However, he is not so upbeat about the immediate future for other developments in his area. “Let’s put it this way,” he says, “Bahrain and Kuwait are probably, at the moment, not the two GCC countries which are most prospering in comparison to developments in the UAE, KSA and Qatar.”
Northern Gulf outlook
Koth says that although this is the case, spirits in the countries haven’t been dampened, and five-star hoteliers in Bahrain took a “collective step” last year, “as a reactive measure and as a proactive tool to collectively lower their prices”.
He says that this has helped open the hotels up to new markets, as traditional leisure and KSA guests have been taken by four-star properties opening in Juffair.
“February 14 2011was a unique date for this country and occupancy rates at that time were depressed into the 10s, not even the teens. So, in comparison, it is a great growth. But, still, 40, 45 or even 50% wouldn’t make any hotelier, nor any operator, nor any owner, really happy, so we are still working on getting more.”
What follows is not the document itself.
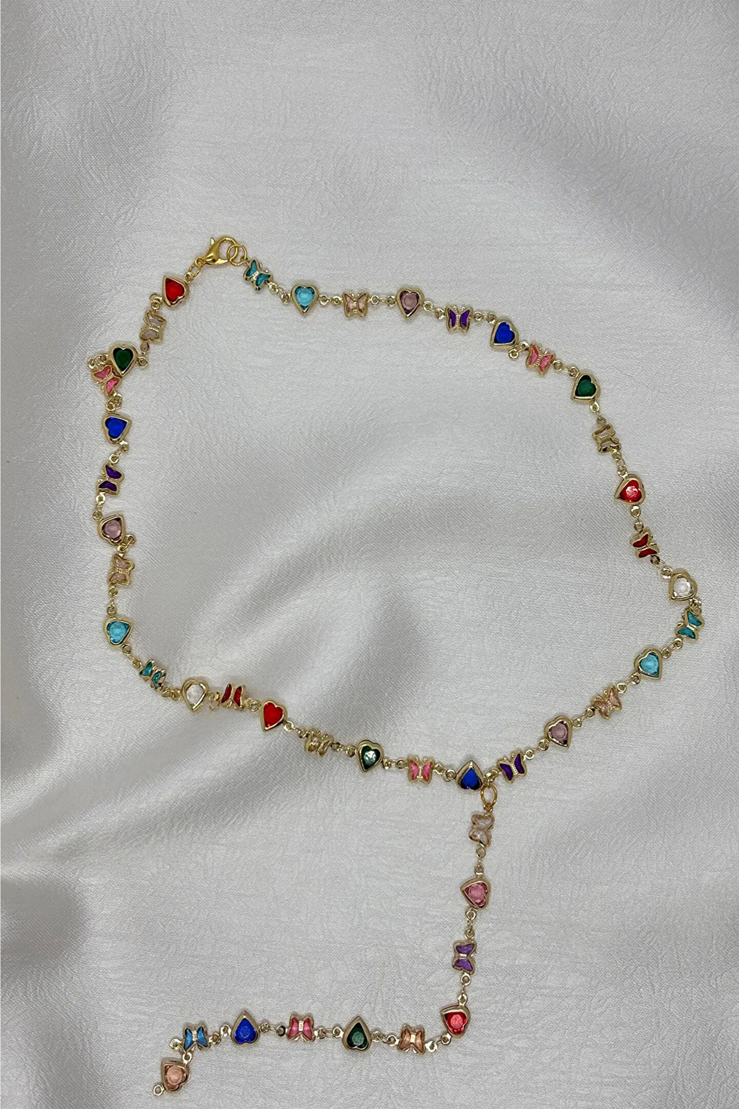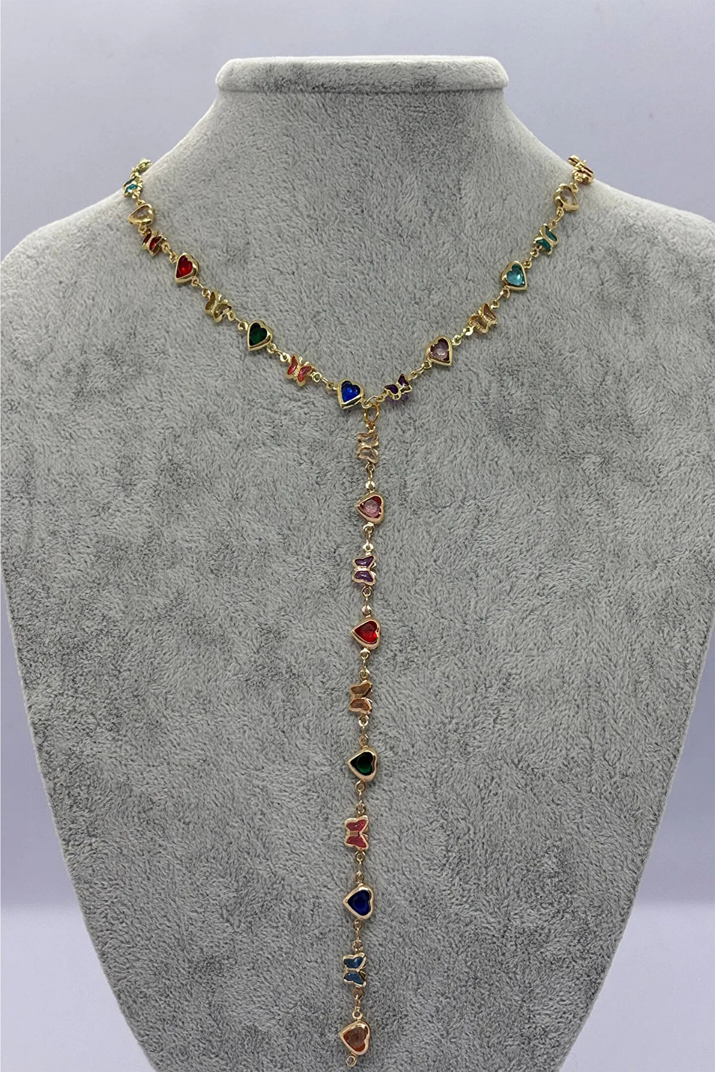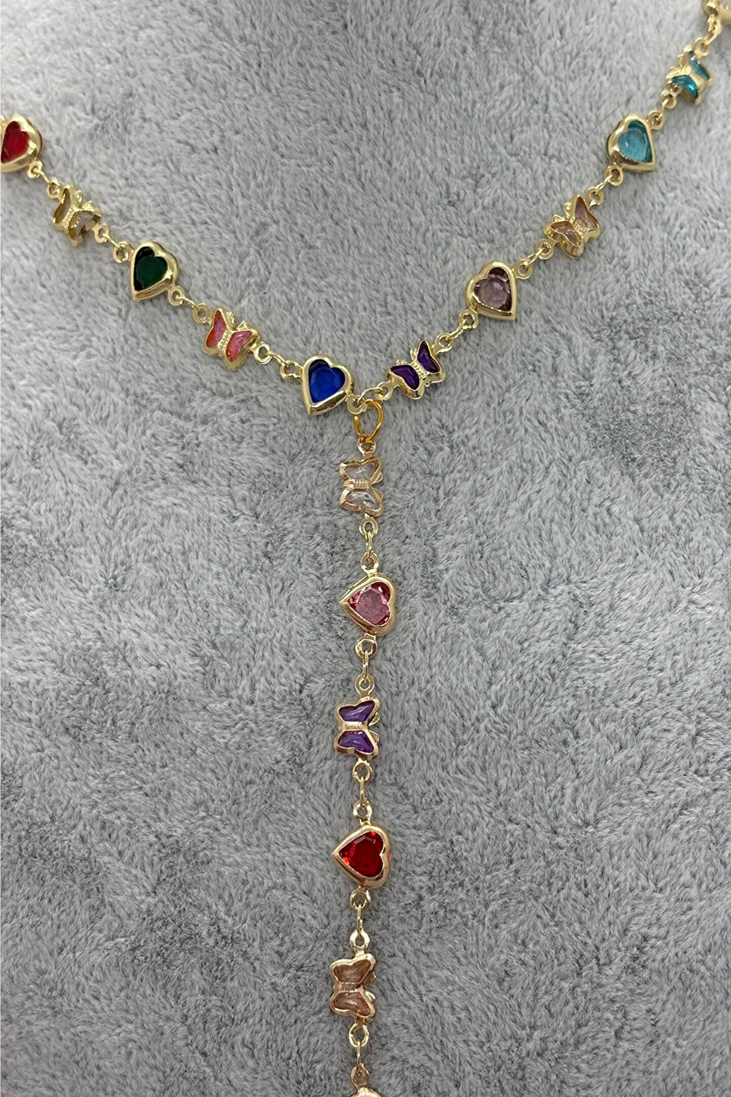 - Zarif tasarımıyla dikkat çeken bu altın renkli kolye, her türlü özel gününüzde şıklığınızı tamamlar.; - Kalp ve kelebek motifleriyle süslenmiş olan bu kolye, romantik anlarınıza anlam katmak için idealdir.; - Altın rengi sayesinde parlaklık ve zarafet sunan bu kolye, günlük kullanım için de uygundur.; - Her yaştan kadının beğenisine hitap eden bu model, takı koleksiyonunuzda vazgeçilmez bir parça haline gelir.

In Kuwait, he says occupancy has recovered somewhat and, now, “is well above 60%”. He adds: “I don’t think Kuwait is seeing very bad times, actually. They are doing very well.”
The hotelier’s biggest challenge, he says, is in his hotel in Bahrain — keeping his staff “engaged, motivated, encouraged and always striving for more”. “In times of difficult business, it can often go the other way,” he adds.
Koth plans to combat this by “appraising and rewarding, but also stretching and challenging, and being incredibly sociable”. “Being one family that works together is a very rewarding tool in the diverse mix of nationalities that we employ here.”
For the coming two years, Koth says that his main aims are to “consolidate what we’ve got, improve on what we have and work on seeing more travellers frequenting Bahrain as a destination”.
However, he adds, that he “can’t do this alone, so we have to work collectively with our competitors and with the government, the exhibition centre, and the ministry of culture, hand in hand to get the message out”.